Requirement =
The full listing, excluding its pictures, should be printed exactly as it stands.

Data block =
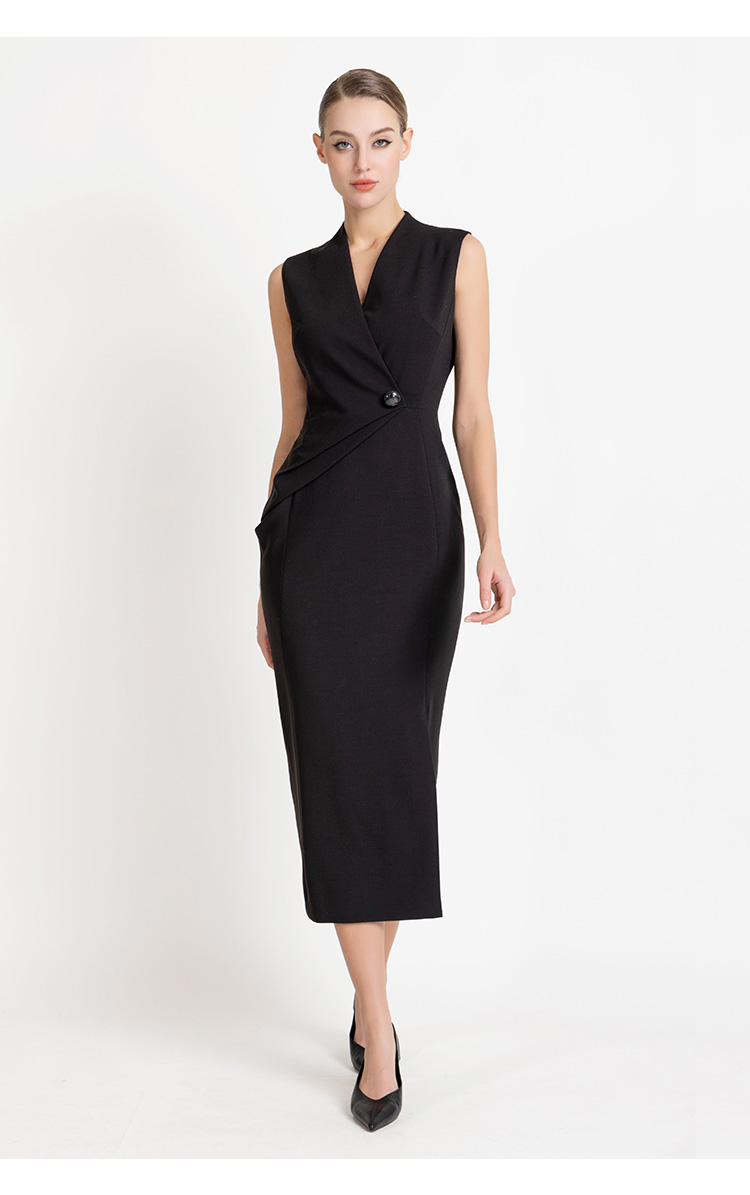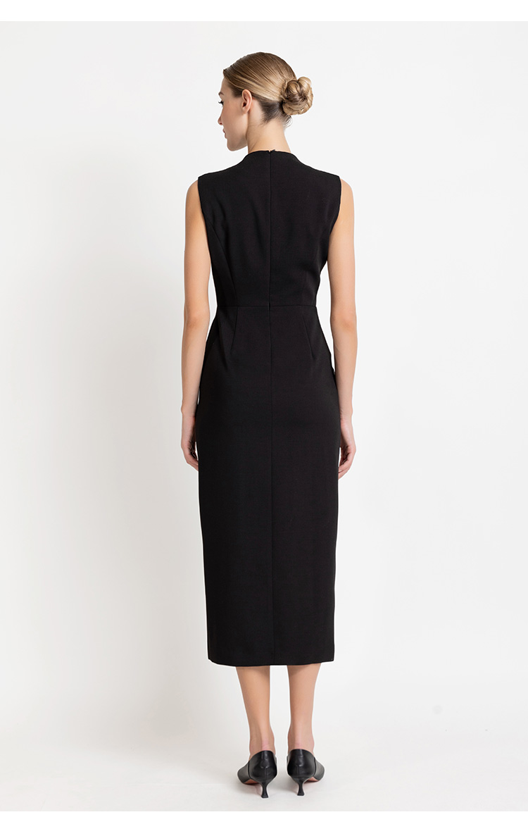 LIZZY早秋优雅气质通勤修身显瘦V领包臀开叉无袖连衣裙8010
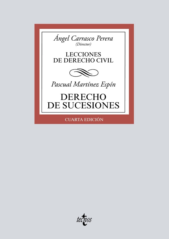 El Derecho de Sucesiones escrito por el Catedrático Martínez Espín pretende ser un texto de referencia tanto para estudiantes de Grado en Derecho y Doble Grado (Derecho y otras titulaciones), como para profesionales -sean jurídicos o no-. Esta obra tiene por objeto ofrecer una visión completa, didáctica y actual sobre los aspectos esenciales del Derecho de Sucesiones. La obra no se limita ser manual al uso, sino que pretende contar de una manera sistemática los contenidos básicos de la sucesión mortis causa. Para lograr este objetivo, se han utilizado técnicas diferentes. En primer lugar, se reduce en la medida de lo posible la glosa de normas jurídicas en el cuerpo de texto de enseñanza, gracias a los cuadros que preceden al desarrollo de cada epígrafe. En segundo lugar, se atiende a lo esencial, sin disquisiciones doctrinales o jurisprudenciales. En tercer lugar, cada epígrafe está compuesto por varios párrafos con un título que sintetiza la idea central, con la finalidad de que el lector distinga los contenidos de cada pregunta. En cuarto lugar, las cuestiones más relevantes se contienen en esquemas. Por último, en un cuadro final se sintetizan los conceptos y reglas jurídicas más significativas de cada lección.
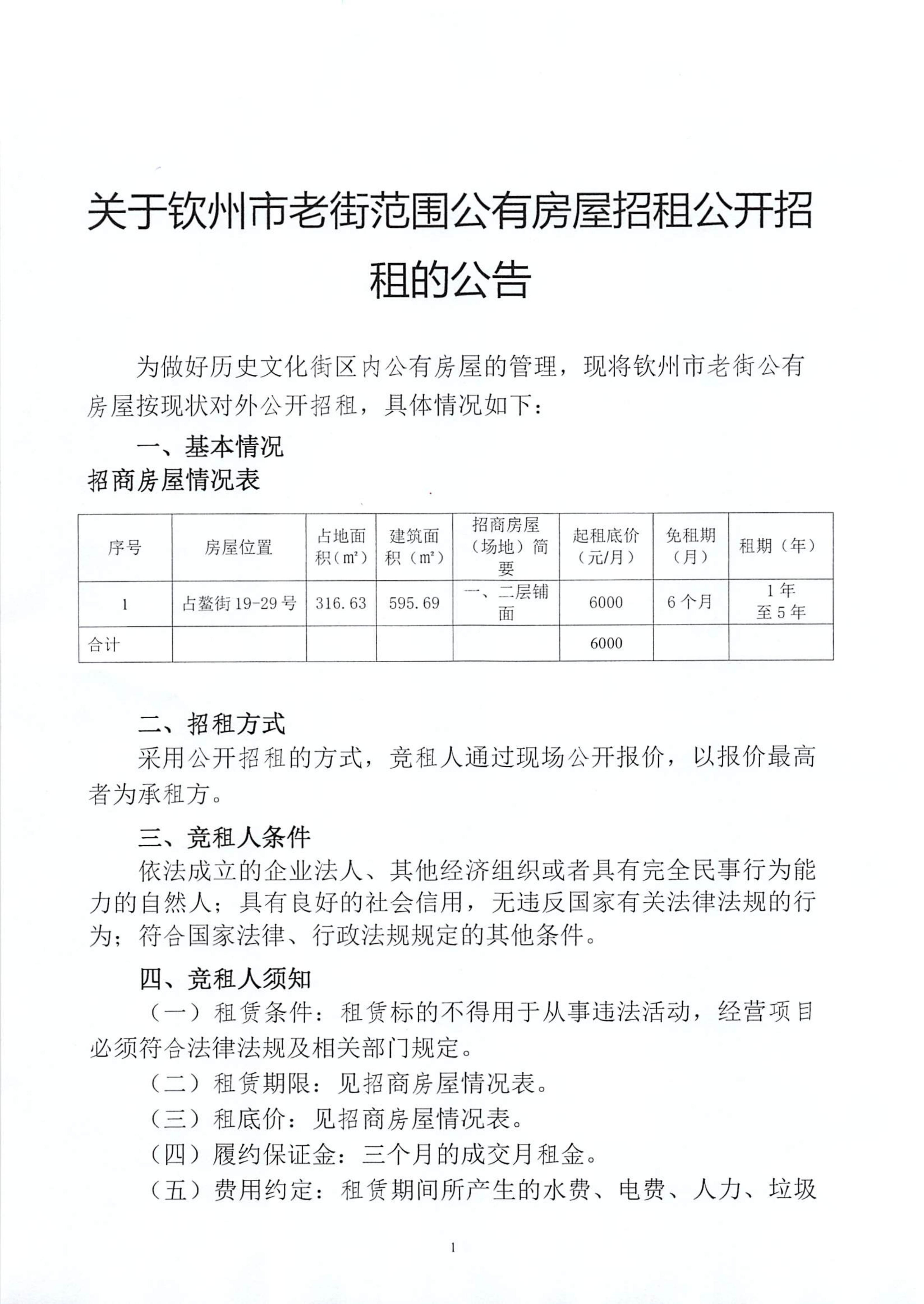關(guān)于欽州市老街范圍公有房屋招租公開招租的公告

Reply =
 LIZZY早秋优雅气质通勤修身显瘦V领包臀开叉无袖连衣裙8010
 El Derecho de Sucesiones escrito por el Catedrático Martínez Espín pretende ser un texto de referencia tanto para estudiantes de Grado en Derecho y Doble Grado (Derecho y otras titulaciones), como para profesionales -sean jurídicos o no-. Esta obra tiene por objeto ofrecer una visión completa, didáctica y actual sobre los aspectos esenciales del Derecho de Sucesiones. La obra no se limita ser manual al uso, sino que pretende contar de una manera sistemática los contenidos básicos de la sucesión mortis causa. Para lograr este objetivo, se han utilizado técnicas diferentes. En primer lugar, se reduce en la medida de lo posible la glosa de normas jurídicas en el cuerpo de texto de enseñanza, gracias a los cuadros que preceden al desarrollo de cada epígrafe. En segundo lugar, se atiende a lo esencial, sin disquisiciones doctrinales o jurisprudenciales. En tercer lugar, cada epígrafe está compuesto por varios párrafos con un título que sintetiza la idea central, con la finalidad de que el lector distinga los contenidos de cada pregunta. En cuarto lugar, las cuestiones más relevantes se contienen en esquemas. Por último, en un cuadro final se sintetizan los conceptos y reglas jurídicas más significativas de cada lección.
關(guān)于欽州市老街范圍公有房屋招租公開招租的公告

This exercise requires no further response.